Somebody’s habitual residence is the country where they live regularly. Examples of a habitual residence include: 

  • the country in which you have lived all your life (eg England), even if you go on holiday to another country for a few months 

  • a country you move to for a set period of time because of your job 

  • the country you move to, even if you have only been there a few days, if you intend to live there for a longer period of time 

It’s important to note that habitual residence is not lost by someone’s temporary absence (eg because of working abroad or studying abroad), provided that the absence is not inconsistent with their habitual residence in that country.


Domicile is harder to define than habitual residence. In essence, someone is domiciled in a country if they have close ties to it. A country of domicile is the country in which someone has voluntarily chosen to live, with the intention of making it their permanent home. 

Someone can only have one domicile at a time and it will either be: 

  • a domicile of origin - this is the domicile someone automatically acquires when they are born and will often be the country in which their father was domiciled at the time of birth. Most people’s domicile of origin will be their country of birth

  • a domicile of choice - this is the country someone moves to with the intention of making it their permanent home (until or unless something changes their mind) 

A person’s domicile of origin is never fully lost, but it can be suspended by a domicile of choice. For example, if someone is born in Australia to Australian parents and they live there throughout their life until they graduate from university, their domicile of origin would be Australia.

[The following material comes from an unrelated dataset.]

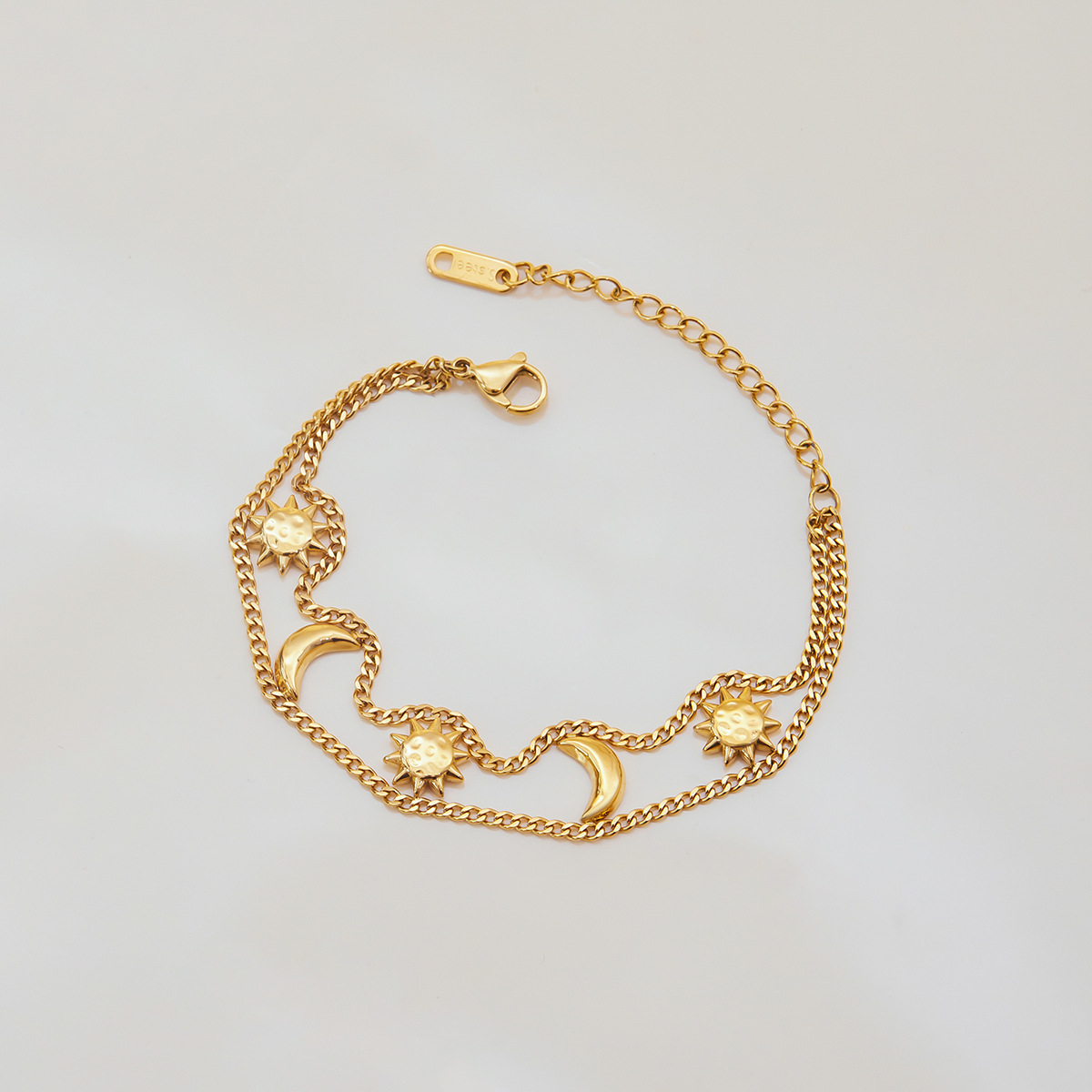 Bracelet en acier inoxydable, Acier inoxydable 304, Placage, Double couche & bijoux de mode & pour femme, doré, Vendu par PC

If they then move to England, with the intention of living there permanently, their new domicile (ie their domicile of choice) will be England.

How are habitual residence and domicile established?

Each partner will need to consider a variety of factors, including: 

  • nationalities

  • where they normally live, work, study and spend their free time 

  • whether any moves abroad are temporary or permanent in nature 

    • if either party moves abroad, whether they indent to move their affairs abroad as well

    • if either party moves abroad, whether they kept their properties and/or furniture (even if rented out) 

  • where cars are registered 

  • mail addresses 

  • where either party’s presence is registered (eg where they are registered to vote and go to the GP) 

  • if phone numbers are UK numbers or foreign numbers 

  • where either party’s financial arrangements (eg bank accounts, accountants or tax statuses) are based

For more information or for help working out your habitual residence or domicile, Ask a lawyer.

Thinking about the future

It is important that each party carefully considers future eventualities, for example:

  • one of the parties giving up their career to look after children

  • future business ventures together

Each could impact upon the fairness of an agreement made between a couple about to marry.